> YOUR TASK: Please give back only the lines below from the one containing "1、启动gfx画质工具箱,挑" to the one containing "페이코인으로 결제하면 버거킹 50% 페이백!! (5.27 금요일 단 하루)", each repeated word for word, both ends included.

> RECORDS FOR PROCESSING:
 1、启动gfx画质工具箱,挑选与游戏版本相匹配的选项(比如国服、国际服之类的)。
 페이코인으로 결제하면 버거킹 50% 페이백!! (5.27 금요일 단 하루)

* * *

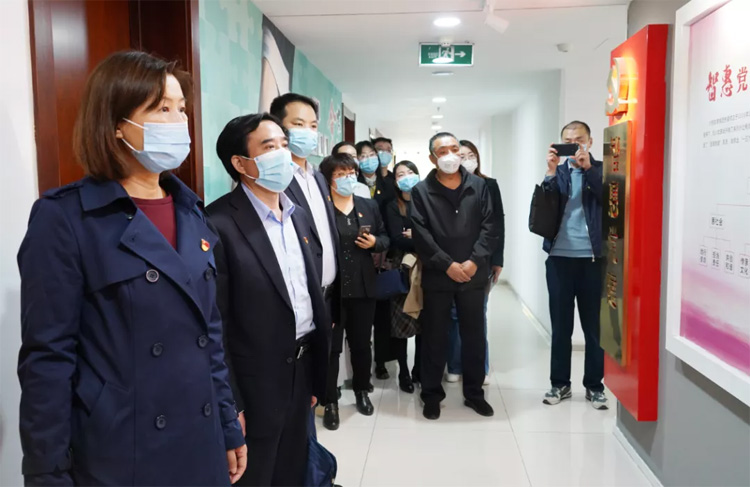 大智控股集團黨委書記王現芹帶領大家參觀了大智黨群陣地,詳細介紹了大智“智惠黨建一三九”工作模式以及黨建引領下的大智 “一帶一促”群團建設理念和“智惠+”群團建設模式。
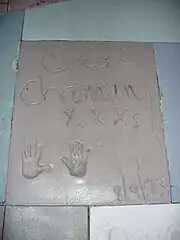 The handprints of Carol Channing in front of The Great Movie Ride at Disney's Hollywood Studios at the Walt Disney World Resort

> COMPLETED EXERCISE:
 1、启动gfx画质工具箱,挑选与游戏版本相匹配的选项(比如国服、国际服之类的)。
 페이코인으로 결제하면 버거킹 50% 페이백!! (5.27 금요일 단 하루)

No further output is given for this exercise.